73 74 /*if の場合*/ 75 /*sas日付利用*/ 76 data query1; 77 set testdata; 78 if date = '20MAY2015'd; 79 run; NOTE: データセットWORK.TESTDATAから10000000オブザベーションを読み込みました。 NOTE: データセットWORK.QUERY1は499784オブザベーション、2変数です。 NOTE: DATAステートメント処理(合計処理時間): 処理時間 0.41 秒 CPU時間 0.40 秒 80 81 /*input()関数利用*/ 82 data query2; 83 set testdata; 84 if input('2015/5/20',yymmdd10.)=date; 85 run; NOTE: データセットWORK.TESTDATAから10000000オブザベーションを読み込みました。 NOTE: データセットWORK.QUERY2は499784オブザベーション、2変数です。 NOTE: DATAステートメント処理(合計処理時間): 処理時間 1.61 秒 CPU時間 1.62 秒 86 87 88 ; 89 OPTIONS NONOTES NOSTIMER NOSOURCE NOSYNTAXCHECK; 99 ;
なお, 特定の日付ではなく, ある期間を抜き出す場合については, SAS日付が数値として扱えることを利用して,
if '20MAY2015'd <= date <= '25MAY2015'd;
のように不等式にすればよい*2. 結果は省略するが, これも input()
を使わないほうが早くなる (そしてコードの見た目もすっきりする).
また, N週間, Nヶ月のような単位で抜き出したい場合, 公式サポートで紹介されている, 年齢を intck()

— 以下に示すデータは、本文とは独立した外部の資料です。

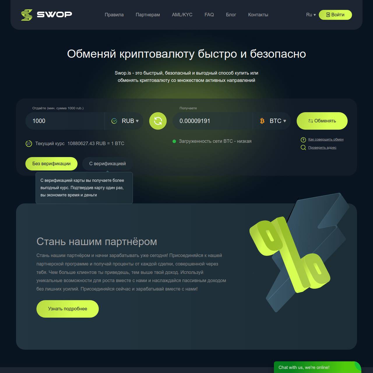 Swop.is - это быстрый, безопасный и выгодный способ купить или обменять криптовалюту со множеством активных направлений

関数で計算する方法 (Technical Support) を応用するという手もある. 以下は, 2015年5月20日から1ヶ月以内かどうかを判定する.
if intck('month', '20MAY2015'd, date) = 1;
intck()
関数の第1引数は, ’day’
, ’week’
, ... が指定できるが, さらに ’week.2’
, ’week.3’
, ... とすると, 「1周間の月曜日から」「1周間の火曜日から」判定するようになるので, けっこう複雑な条件にも対応できる*3.